# New Chesapeake Bay tug dodger!



## NavySailor (Apr 30, 2008)

Hello all!

I'm Brian, originally from Granbury, Texas. I've been in the Navy for 12 years now and stationed at NAS Oceana for 11 of them. A few years ago I learned that Norfolk base had a Sailing Center and I got my basic card (Lasers, 420 dingys, and Hobie cats) and headed out into Willoughby Bay.

Then while just bouncing around the interwebs, I found a sailing journal on the Columbia Yacht Owners Association page and decided that I should venture further from Norfolk base while I was still stationed near the bay that claims "more coast than the United States". I read up on the Catalina 25 and went to challenge to get my "Intermediate I" card. The catch was I had to bring my own crew, and I knew no one that sailed. 

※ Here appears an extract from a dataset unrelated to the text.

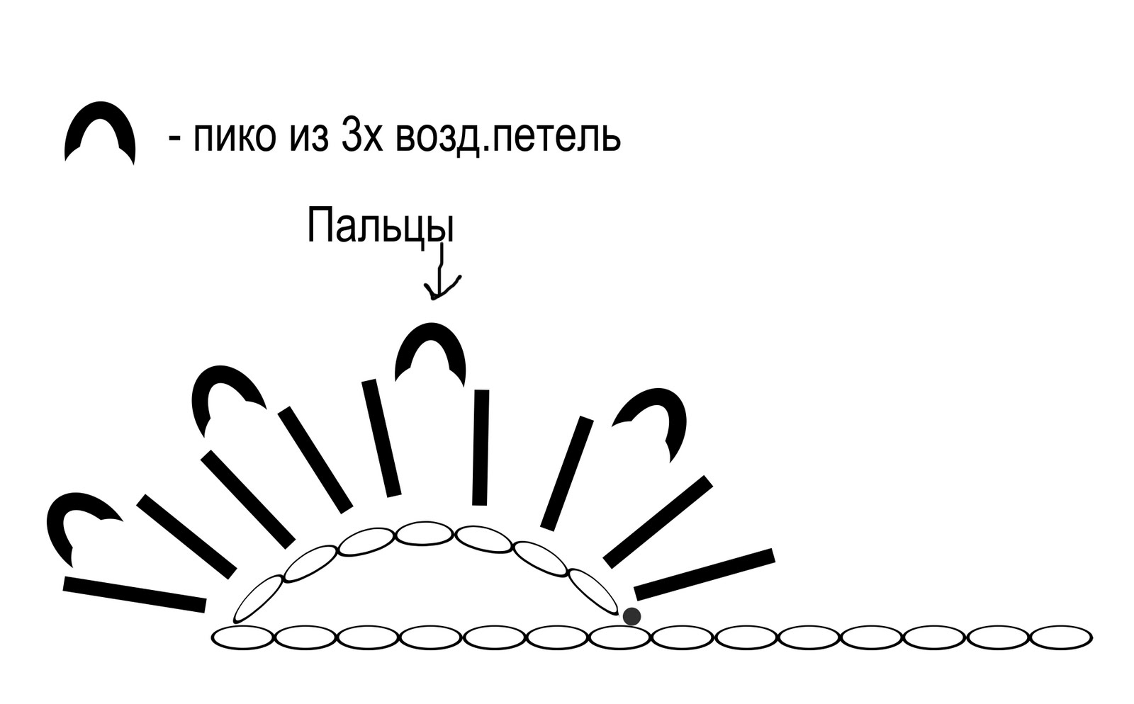 Сооружаем лапки Рачьим шагом провязываем 11 петель, (7 в.п., соед .столбиком закрепить цепочку в 6-ю петлю. Провязать на цепочке 9 стбн, и 4 пико из 3 в.п.(чтоб было понятнее - привожу рисунок)*).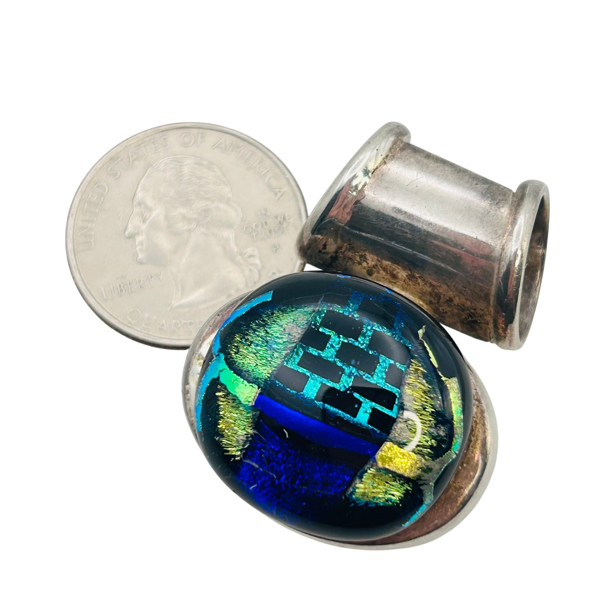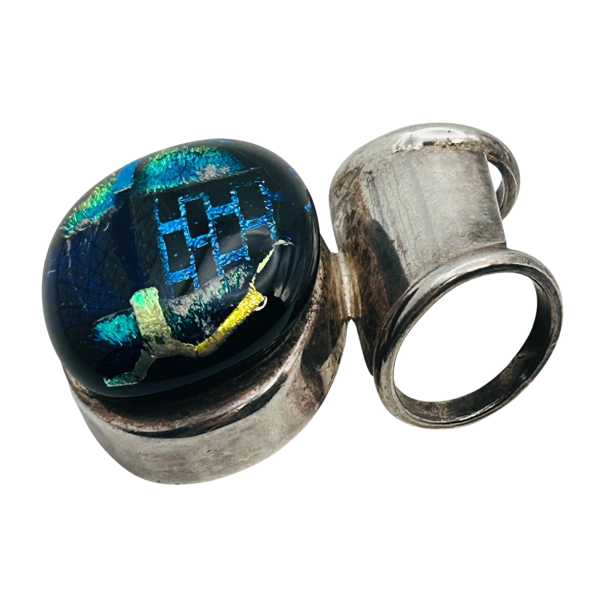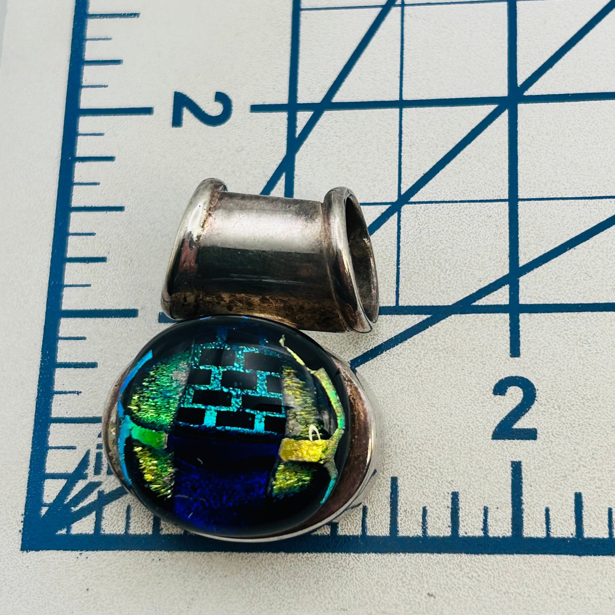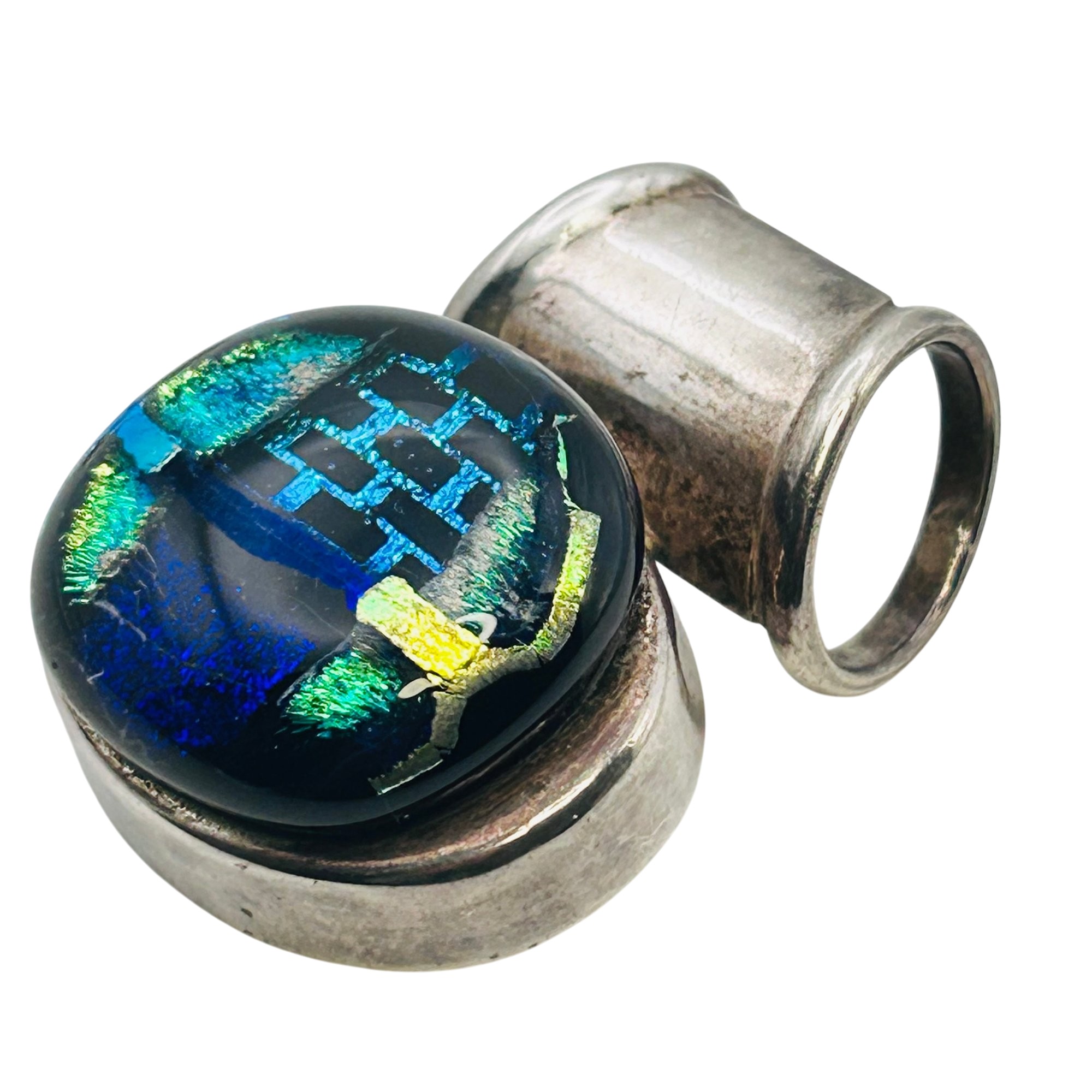 Sterling dichroic glass oval pendant 20g

Long story short, I picked 2 junior sailors from my avionics repair work center, gave them a 'crash course' and took them sailing. The challenge practical is supposed to last 2-6 hours, we were done in just over 1. That was last week. I took one of the guys, my wife, and dog out for a 3 hour sail in the Catalina 25 today and good times were had by all.

Thanks for having me!


----------



## TSOJOURNER (Dec 16, 1999)

Welcome to Sailnet and glad to have you with us.


----------



## camaraderie (May 22, 2002)

Thanks for your service Brian and welcome to the board. 
You're in a great area for exploration...and don't forget the waters to your south in NC are pretty neat too!


----------